This practice is also simple. First, select an object that can easily and comfortably be held in someone’s hand—a special rock, a special piece of wood or art object--anything that is “charged” to some extent with positive spiritual energy or meaning for the people involved or for the person facilitating the practice. Or you can create an object with this meaning.

Outline for How to Use the Talking Stick

  1. Start with opening sacred space in some way, and stating what the intention is for the group or community in using this ritual practice—to arrive at a decision, to resolve a group conflict, to see a “one mind” wisdom that is deeper than the individual viewpoints, etc.
  2. Briefly identify what the talking stick is, and why it has meaning.
  3. State that the only person who can speak is the person who holds the talking stick, and that the person who is speaking is requested to do the best they can to speak from their heart, not their head. Deeply speaking from the heart is a spiritual practice.
  4. While the person with the stick is speaking, the others listen with their full hearts, not their minds, and do the best they can to not “rehearse” what they are going to say in their mind. Deeply listening from the heart is also a spiritual practice.
  5. One of the guidelines is to avoid cross-talking, which means using their time to argue with someone else. Instead, they are invited to talk from their own experience. Admittedly, this guideline is a bit of a gray area, since some addressing of others is often unavoidable and helpful.
  6. The facilitator can gently and lovingly remind anyone of a guideline if they seem to need the reminder . . .
  7. The group can either pass the talking stick around the circle (clockwise is the traditional direction), or the facilitator places the stick in the center and the group waits until someone is moved to go to the center of the circle and retrieve it and speak––perhaps from the center, or perhaps by returning to their place in the circle.
  8. Everyone speaking continues to speak until they have said everything they have to say on the subject (and the stick will probably come around again to them).
  9. When that person is complete, they then return the stick to the center of the circle, and the next person who is moved to do so retrieves it—or the facilitator can instruct at the beginning that whoever first retrieves the stick starts the “pass around the circle” spot, moving clockwise.
  10. If the stick is being passed around the circle, a person can choose to simply state their name and pass the stick on to the next person, or the circle can agree ahead of time that everyone will do their best to make some contribution when the stick comes to them.
  11. The stick keeps going around the circle until the group has spoken to a sense of conclusion, and no one wants to say anything more on the subject.
  12. The facilitator leads some closing of the circle—a prayer or any acknowledgment of spirit.
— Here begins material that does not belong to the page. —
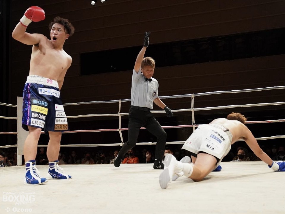 サウスポー仲野が右ボディで先手を奪うと、右フックを振り抜きダウンを演出。2回、上下に打ち分けた仲野は、右フックで2度目のダウンをゲット。前のめりに倒れた上江洲を見て、レフェリーはすぐに試合をストップした。

What the group is focusing on is their intention to reach a space of “one mind, one heart.” Nearly all the time, this process results in the group going to a very much more unified place than a normal “debate of positions” would have produced. The result that the group arrives at will often be something different than any of the “positions” that were previously taken. And the process usually generates a much deeper understanding of each other and the different viewpoints.